Cherry Grove Stories


 

Cherry Grove Stories is a joyous account of an iconic gay haven that has always played a crucial role in LGBT history.  It is part of Fire Island that is located just off Long Island, New York and which started out in the 1950’s when gay men and women needed a safe place to escape from the city and the rest of the world where they were free to be themselves when homosexuality was still illegal. 

This fascinating new documentary from filmmaker Michael Fisher combines a wealth of archival footage with a great many interviews with the old-timers who happily recount what the Grove was like in the good old days.  With an emphasis on having a good time and sexual freedom that was not available to LGBT people anyway else, the place was wild where literally anything goes.
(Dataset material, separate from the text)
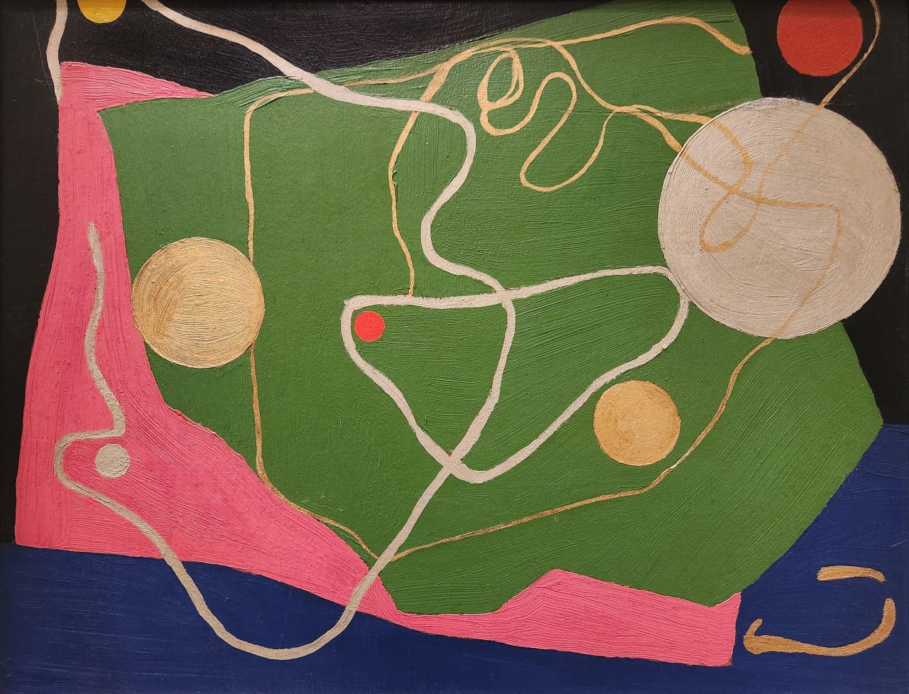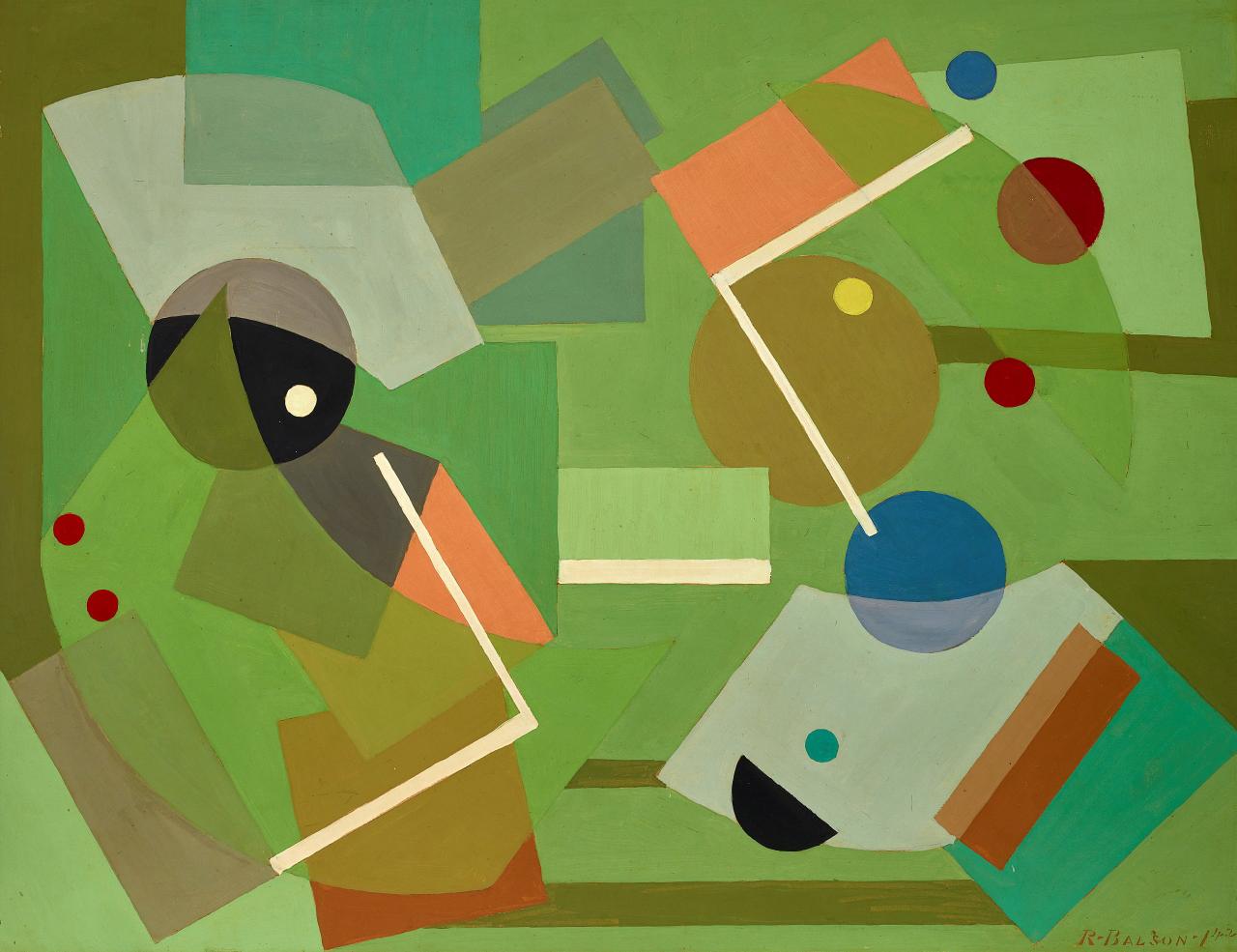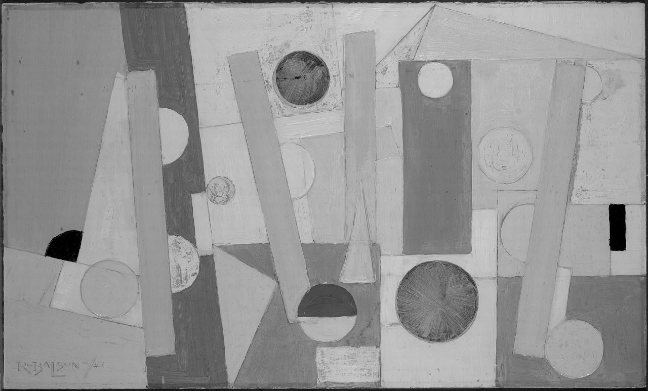 In July 1941, just shy of his fifty-first birthday, Balson mounted a solo show at Anthony Hordern’s Fine Art Gallery in Sydney, which was to be the first exhibition in Australia to exclusively comprise abstract paintings. The exhibition included a series of twenty-one sophisticated paintings featuring flattened geometric motifs, and nearly half of the works included the novel use of metallic paint alongside conventional oil paint. Referred to as his constructive paintings, these works emphasised dynamic compositional elements such as circles, diagonals and oblique shapes, and embodied a sense of exuberant modernity at odds with the prevailing mood of wartime uncertainty. Although Balson’s solo show was relatively overlooked at the time, it is now recognised as a watershed moment in Australian art history.

As one of  the interviewees so succinctly put it “Coming out here with a boyfriend was like going to a whore house with your wife.”

Many talked about what they considered the heyday of the Grove right up to the 1960’s and Stonewall and credited the liberation that Fire Island offered as a precursor of what others would start to demand elsewhere.  It wasn’t necessarily a view shared by everyone as was pointed out by more than one person, that some  Island residents simply didn’t feel that the what happen in the aftermath of Stonewall at all.

It wasn’t a perfectly safe paradise as the notorious cruising area known as the Meat Rack, that seemingly was as busy as Times Square on occasion, became the target of police crackdowns and entrapments.  The mere effect of an arrest meant a public humiliation and ‘outing’ with names and photographs in a local paper which could lead to men losing jobs, homes and being rejected by families.

Drag always played a crucial role in Cherry Groves especially as elsewhere it was still illegal for men to be out in public in women’s clothing.  In 1976 when a drag queen called Terry Warren was refused entry to a restaurant because of his outfit, the incident sparked off a major protest.  On July  4th that year a bunch of other drag queens jumped into a water taxi and ‘invaded’ the place.  It was such a success that the ‘Invasion’ has been an annual event for celebration ever since. 

Then the arrival of the AIDS epidemic totally devastated the population of Fire Island with many of its residents choosing to have their ashes scattered here in the place where they had been the happiest,  The after effects also changed the whole make up of the Grove too.  It always had been a place where the gay community had intermingled well with the straight community that lived there, but now with so many properties suddenly being available, there was an influx of lesbians becoming homeowners too.

Fisher’s documentary is very upbeat and affectionate and he is happy enough to let some of his more flamboyant interviewees ramble on.  He does assume that you already know about some of the more basic facts of the Island and Grove which could be a tad confusing in itself if you do not.  He acknowledges that despite all the changes that the Fire Island has been through since the very beginning, it is still very much a little piece of LGBT paradise and is likely to remain so for the foreseeable future.